Inflammatory role of platelets in acute coronary syndromes

Abstract
Several lines of evidence support a role for platelets as inflammatory cells. Firstly, platelets provide a wide range of growth factors and inflammatory mediators by their release from intracellular storage organelles. Included in this group of mediators are several members of the chemokine family. In fact, platelet factor 4 and β-thromboglobulin, localised in platelet α-granules, represented the first chemokines to be discovered.3 In recent years, a number of CC- and CXC- as well as other cytokines—for example, CD40 ligand (CD40L)—have been found in these cells.3 4Second, platelets do not only contain and express inflammatory mediators, but may upon activation also induce the expression of such substances (for example, TNFα and chemokines) in monocytes/macrophages. Actually, upon activation platelets express P-selectin on their surface.
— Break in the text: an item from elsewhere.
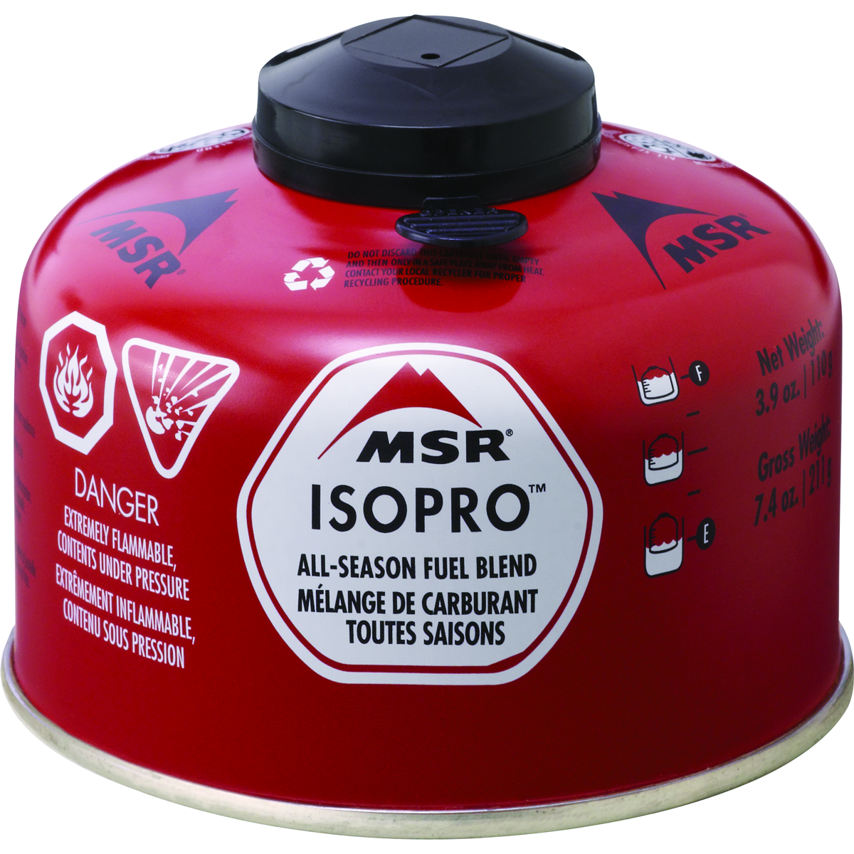 MSR IsoPro is a performance-boosting, 80/20 blend of isobutane and propane, with the purest isobutane (5% or less n-butane) of any canister fuel. This clean-burning formulation maintains higher internal pressure at lower temperatures than standard butane/propane mixtures, delivering superior cold weather performance and more consistent output over the life of the canister.

Through ligation with its counterpart on monocytes/macrophages, P-selectin has the potential to enhance the activation of the transcriptional factor nuclear factor-κB,5 a factor required for expression of chemokines, TNFα and several other gene products playing a key role in inflammation. Notably, recent studies suggest that platelets also may modulate the function of other leucocyte subsets (for example, natural killer cells, granulocytes, and T cells) and they have been found to enhance chemotactic and adhesive properties of endothelial cells as well as IL-1 production in vascular smooth muscle cells (SMC).6 7 Finally, platelets may not only promote an inflammatory response in leucocytes and endothelial cells, but may also themselves respond to inflammatory mediators produced by these cells. In fact, platelets have recently been found to express several chemokine receptors that upon stimulation endorse platelet activation.8 In summary, upon activation platelets may release and express inflammatory mediators, induce an inflammatory response within leucocytes, and respond with activation to several of the inflammatory mediators produced by these cells. This platelet–leucocyte cross talk seems to involve a wide range of mediators such as chemokines, adhesions molecules, reactive oxygen species (ROS), and cytokines. It is tempting to hypothesise that this inflammatory interaction between platelets and leucocytes, also involving endothelial cells, may represent a vicious circle playing a pathogenic role not only in the chronic atherosclerotic process, but also in the triggering of the acute coronary syndromes.